SIGNATURE_SIZE = 100 
# A and B are used to generate random permutations. 
A = random.sample(range(1,1500), SIGNATURE_SIZE)
B = random.sample(range(1,1500), SIGNATURE_SIZE)

def get_signature(p):
    
    doc,words = p
    
    # your code goes here
    
    return((doc, signature)) # return the signatures for the current document doc

###**Step 3: Generate Candidate Pairs**

Now you need to use bands technique to find candidate pairs. You need to implement `hash_bands()` function which takes the signature from the previous step as input, split the signature into chunks, apply python system hash function `hash()` to the band, and return ((`band_index`, `hash_value`), `doc_id` ) key-value pairs. For example ((3, 472648357823), 1111) indicates that in Band #3, Document 1111 has the hash value of 472648357823. Why do we want to use (`band_index`, `hash_value`) as the key and use `doc_id` as the value? Because later we want to use Spark reduce() function to conbine all the documents that have the same hash value within the same band into the same list. 

In [8]:
NUM_BANDS = 10  # your can change it to different value

def hash_bands(p):
    
    doc,sig = p   
    
    # your code goes here
    
    return bands  # here bands are key-value pairs: ((band_index, hash_value), [doc_id])

##Put It All Together

Now you are ready to generate candidate pairs.

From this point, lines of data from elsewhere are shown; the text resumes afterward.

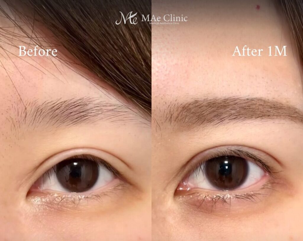 Afterでは、被さりが改善し、まつ毛の生え際が見えることで、二重ラインと目元全体が整理されています。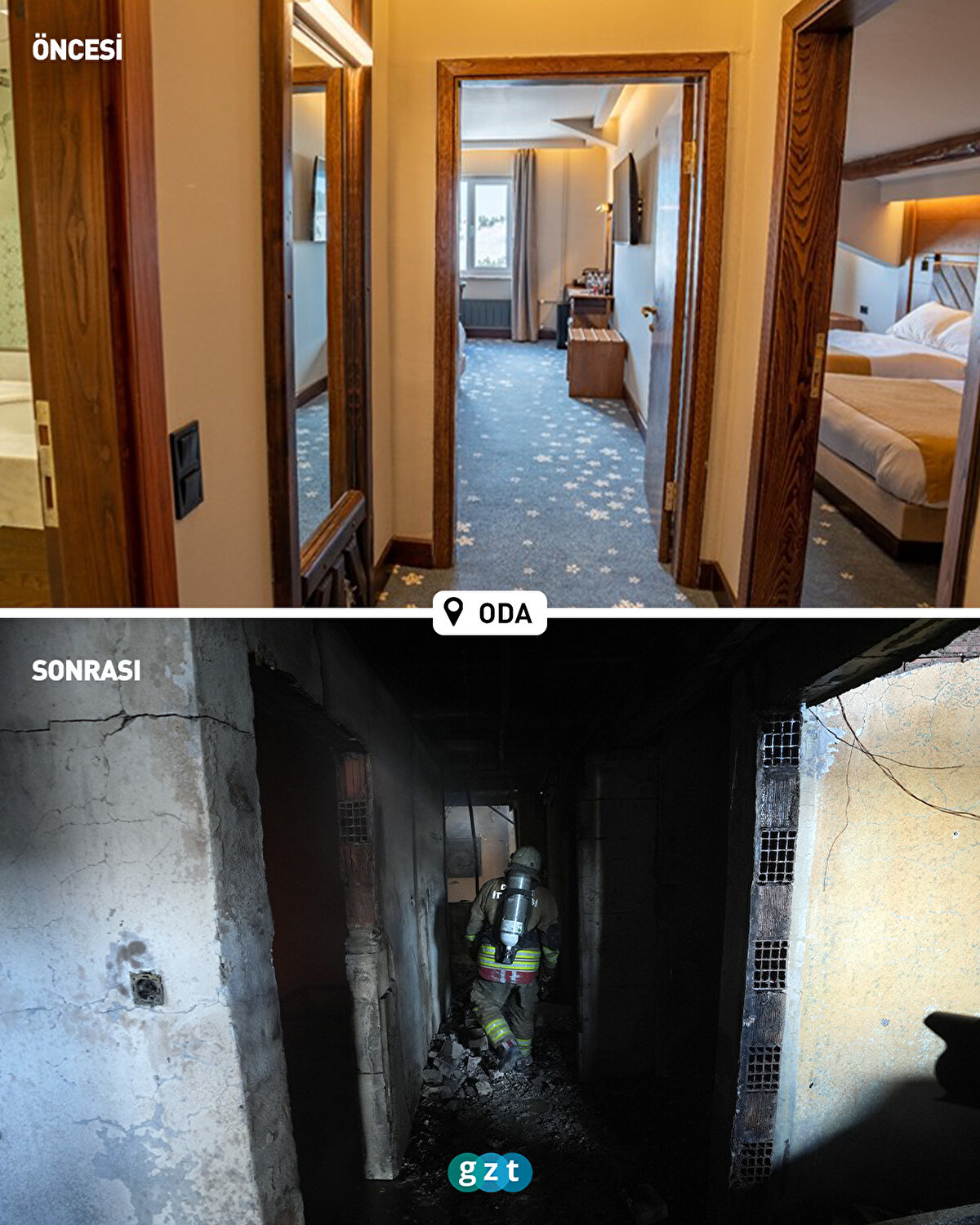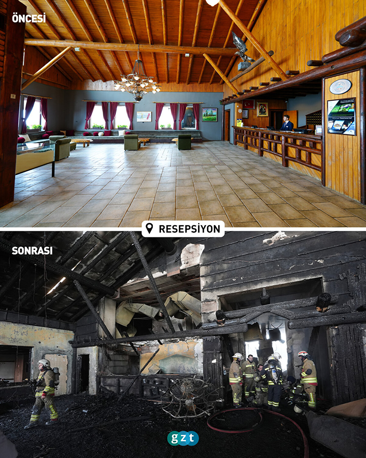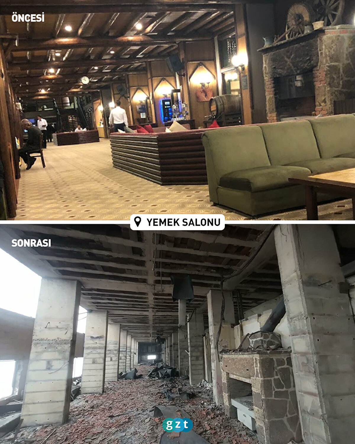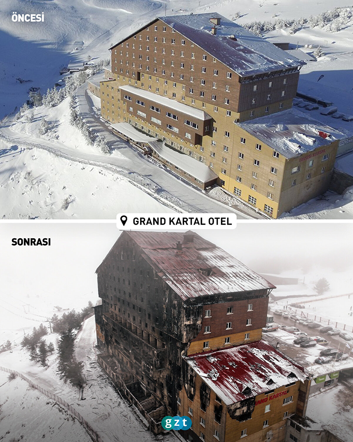 Bolu Kartalkaya'daki yanan otelin öncesi ve sonrası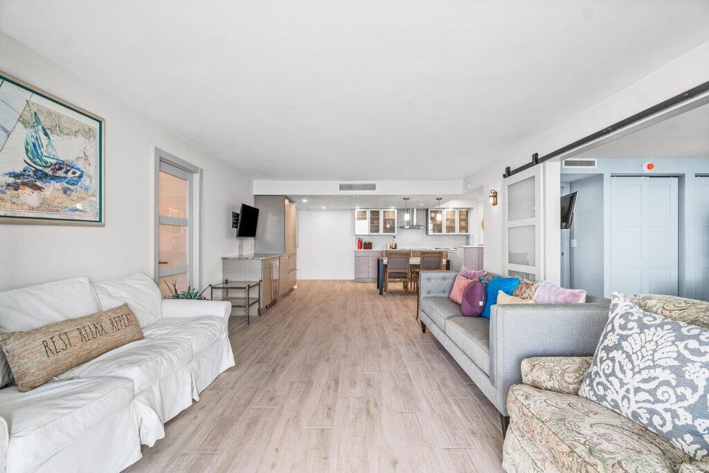 *Easy to see!* BREATHTAKING, direct ocean + intracoastal views in this east facing Penthouse at the Palm Beach House. Feel like you're on vacation every day in this 2 bedroom (king, queen, single AND sleeper couch), 2 bathrooms (one w/ aJacuzzi tub) furnished condo w/ 1 assigned COVERED parking space near the elevator. Washer/Dryer in unit. This is the only building w/ sandy beach, pier for fishing, billiards room + tiki hut for afternoon relaxing. Centrally located, you're minutes to dining + supermarkets on Palm Beach, Downtown West Palm Beach + Northwood Village. You're also close to Phil Foster park for world class diving + golf courses. All you need is your suitcase + toothbrush + you can call this gorgeous condo ''HOME'.. (PS don't forget to wave good morning to Sylvester Stallone!)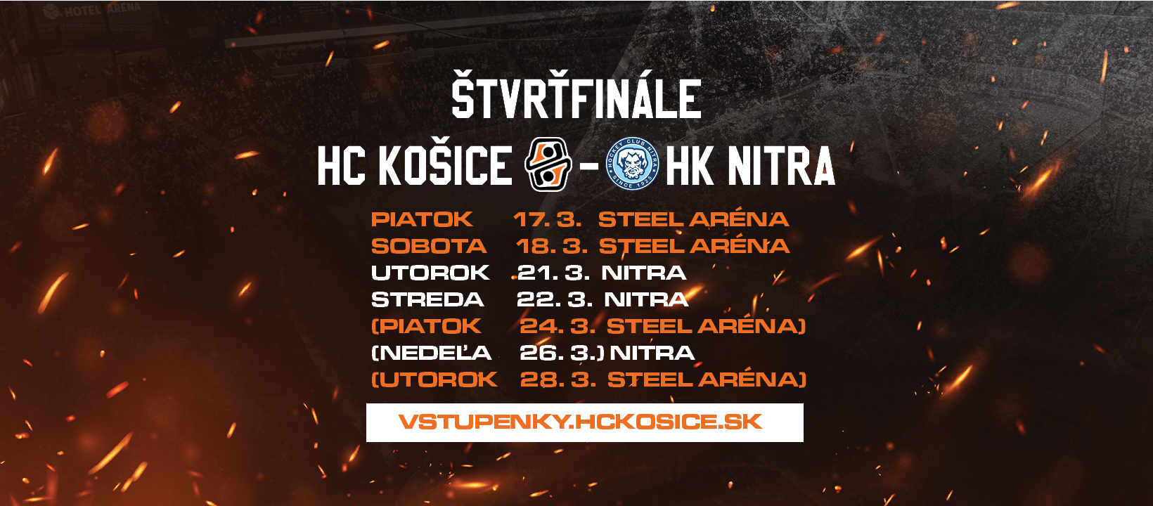 Vážení fanúšikovia HC Košice, pozývame vás na štvrťfinálový zápas proti HK Nitra, ktorý sa uskutoční 24. 3. (piatok) o 18:00 v Steel aréne.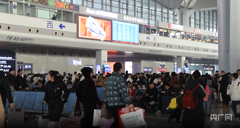 春運(yùn)期間南站候車廳里人頭攢動(央廣網(wǎng)記者 郎麒 攝)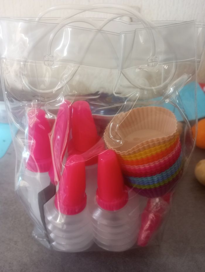 Dans son sachet kit pour pâtisserie spatule,5 bouteille avec différents modèles pour décoré un gâteau et 20 moules en silicone

* In `map()` function, the `get_signature` returns the document and a set of signatures for that document
*In `flatmap()` function, the `hash_bands` first splits the signatures into chunks. Then a system hash function is applied to the signature to get a hash value. `hash_bands` returns (key, value) pairs. The key is (`band_index`, `hash_value`); the value is the `doc_id`.

*   In `reduceByKey()` function, if two documents share the same key, they are combined together. Remember key is (`band index`, `hash_value`); if they have the same key, this indicates these two documents have the same signature within that band.
*   The `filter()` function only keeps the (key, value\*) pairs when value\* has more than one document.

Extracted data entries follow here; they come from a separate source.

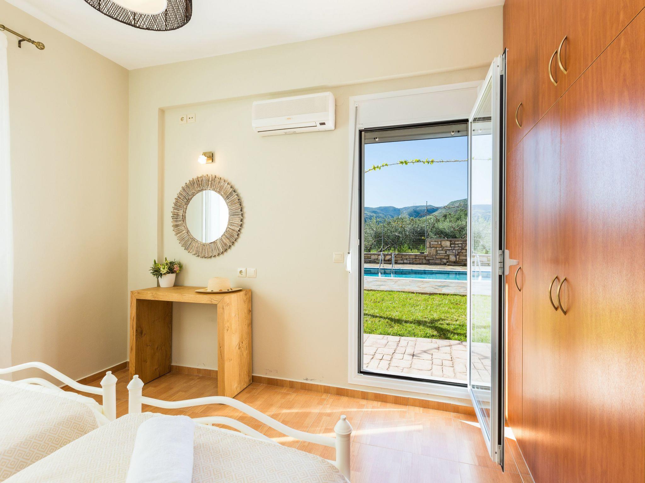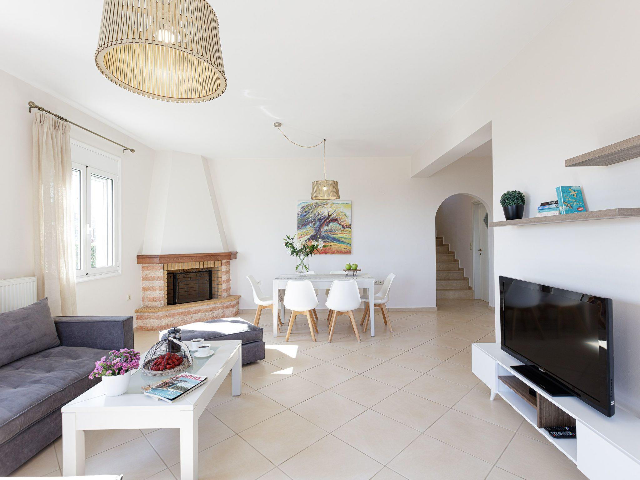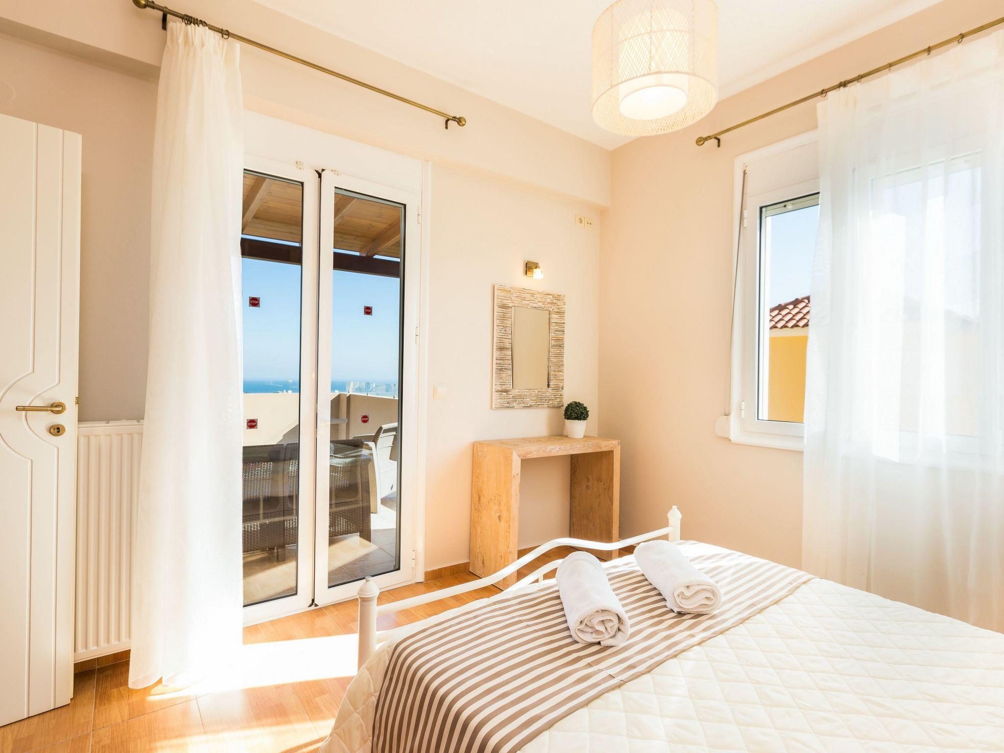 Danai Villa is a cozy three bedroom vacation rental with its own private pool and terrace to enjoy the hot summer sun with your family or friends. The location, by Agios Antonios village, is handy for both the Rethymno Beach and Old Town, plus some of the city’s beautiful landmarks and restaurants. In Danai Villa you’re likely to spend much time admiring the spectacular views that takes center stage, while a beautiful garden with stone walls, plants and flowers create a beautiful and relaxing environment. The pool terrace is equipped with sun beds and umbrellas and offers ample opportunity for all day long to sunbathing and taking in the view of Psiloritis Mountain and Cretan Sea!The interiors of this newly- built villa is divided in two levels reflecting a cozy trend, decorated in light colors. On the first level, the living room consists of leather sofas where the whole family can gather, as well as an open fireplace and a well-equipped kitchen with a dining table. Few steps away you will find the twin bedroom and a bathroom. The other two bedrooms are located on the second level; each of them features a double bed and has access to a balcony with amazing views.To make things even better, the 370 m2 outdoor space is covered by lawn boasting a 25m2 private swimming pool, while for our younger guests some toys are also available. Additionally, the BBQ facilities and the outdoor dining table will give you the opportunity to enjoy al fresco dining in the fresh Cretan air, while gazing the stunning countryside views.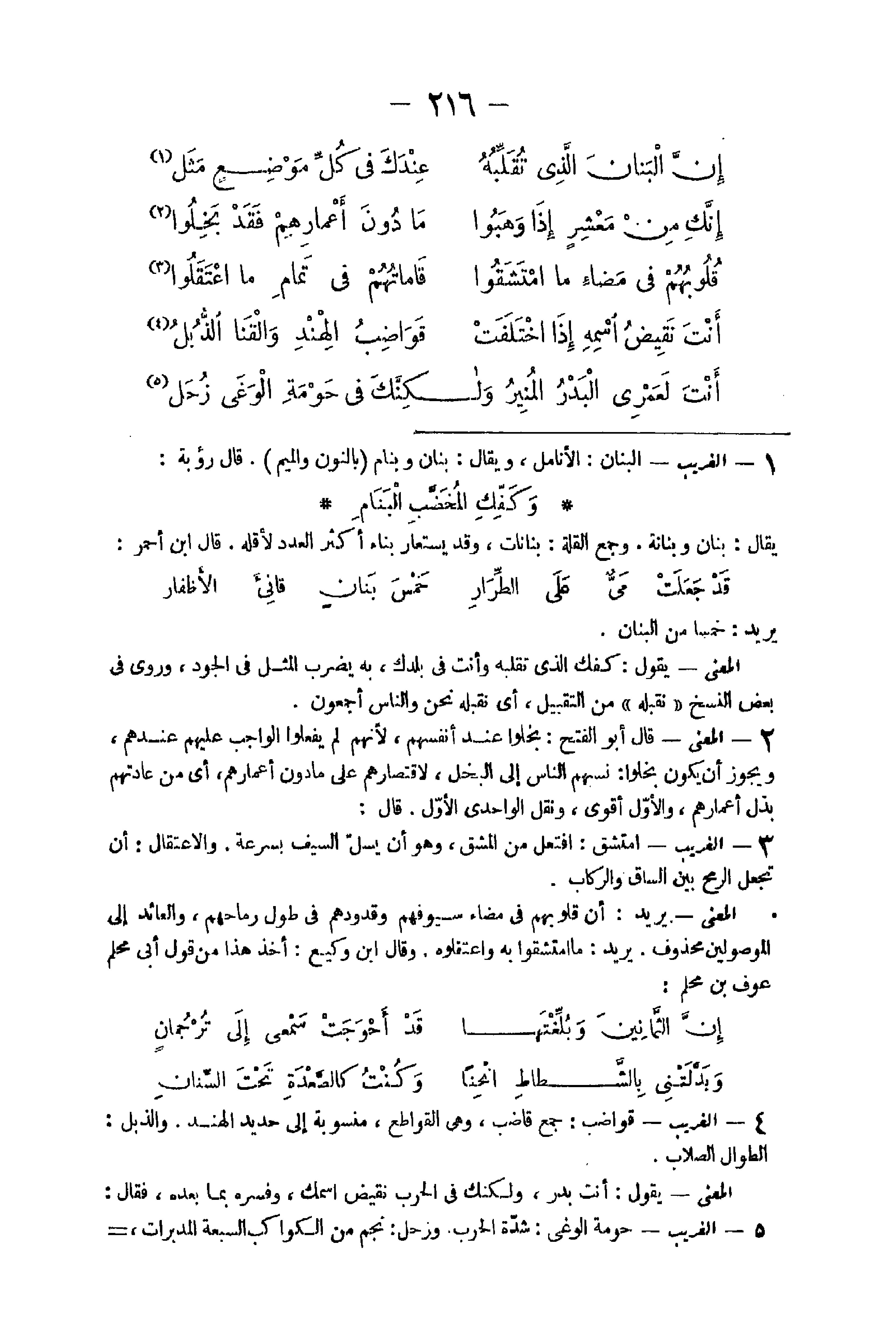 31 - الْغَرِيب قواضب جمع قاضب وَهِي القواطع منسوبة إِلَى حَدِيد الْهِنْد والذبل الطوَال الصلاب الْمَعْنى يَقُول أَنْت بدر وَلَكِنَّك فِي الْحَرْب نقيض اسْمك وَفَسرهُ بِمَا بعده فَقَالَ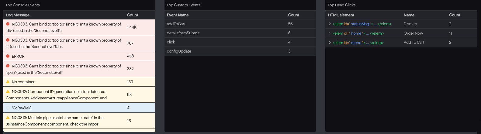 Lists the HTML elements that were most frequently clicked without any response during user sessions. It provides the following information for each element:

**Note: the result you obtained might be different from the one listed below.** Why? Becaues we can't control those random numbers. If you believe your code is correct, but you can't get any candidate pairs, try to tune `NUM_BANDS` variable.


In [9]:
candidates = docrdd \
    .map(get_signature) \
    .flatMap(hash_bands) \
    .reduceByKey(lambda a, b: a + b) \
    .filter(lambda v: len(v[1]) > 1) \
    .collect()

candidates

Py4JJavaError: ignored

I got two candidat pairs. Now let's calcuate the Jaccard similary between candidate pairs. You may get more than two pairs. Pick any pair you would like to test.

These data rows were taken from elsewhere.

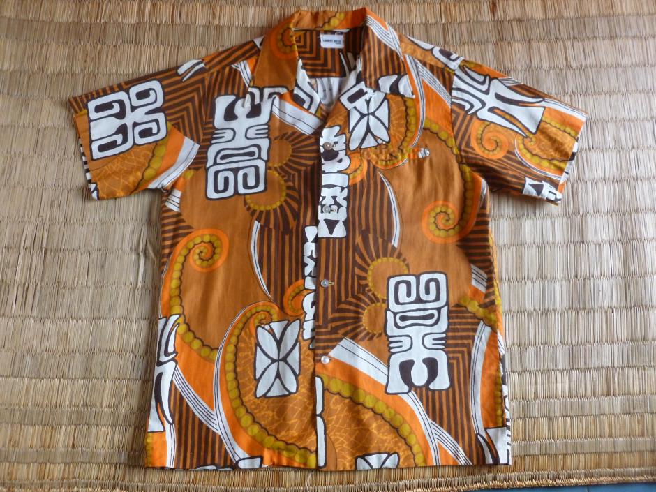 In our local flea market in Rome my partner spotted a bag which seemed full of colourful shirts. She bought it for a few Euro. It turned out to contain several Hawaiian and Tiki shirts from the 1960s, probably used in a film. Some still had laundry tags on them. This is a real Martin Denny style Tiki shirt.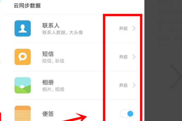 3、在云服务界面内开启云数据同步功能即可让安卓手机备份软件时同时备份数据。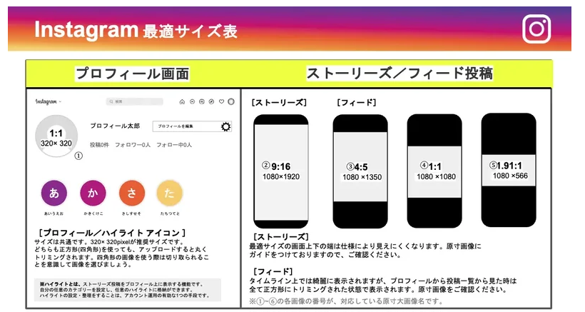 Instagram では画像・動画の比率や表示形式が多様化し、投稿用途によって最適サイズが異なります。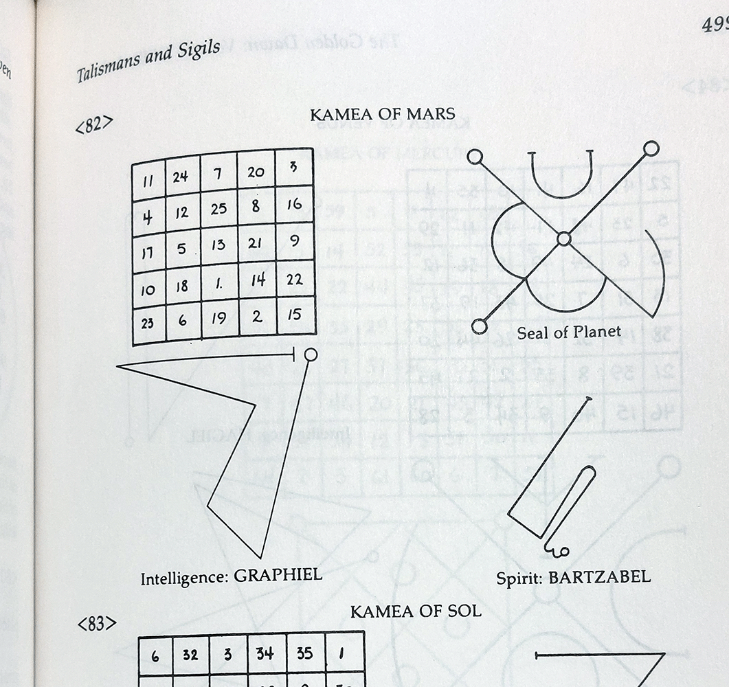 Well, this part is actually easy. The little panel the man is wearing on his chest carries on it the sigil of Mars as derived from the ‘magic square’ of Mars. A ‘magic square’ is a grid of numbers, the arrangement of which enables all the different lines to add up to the same total. A bit like an occult sudoku. In the case of the Martian magical square, it is a grid of 5x5 (containing the numbers 1-25). Five is the number of ‘Geburah’, as it is the fifth sepher or ‘sphere’ from the qabalistic Tree of Life.

Get the word list in the first document.

In [None]:
a1 = list(docrdd.filter(lambda x: x[0] == '478').first()[1]) #change doc_id

Get the word list in the second document.

In [None]:
a2 = list(docrdd.filter(lambda x: x[0] == '1493').first()[1]) #change doc_id

Calculate the Jaccard similarity by finding out the set intersection and the set union of the above two word lists.

In [None]:
intersect = set(a1) & set(a2)
union = set(a1 + a2)
sim = len(intersect)/len(union)
sim

This pair of documents has the similarity of 0.15539305301645337. Yours should be close to this value.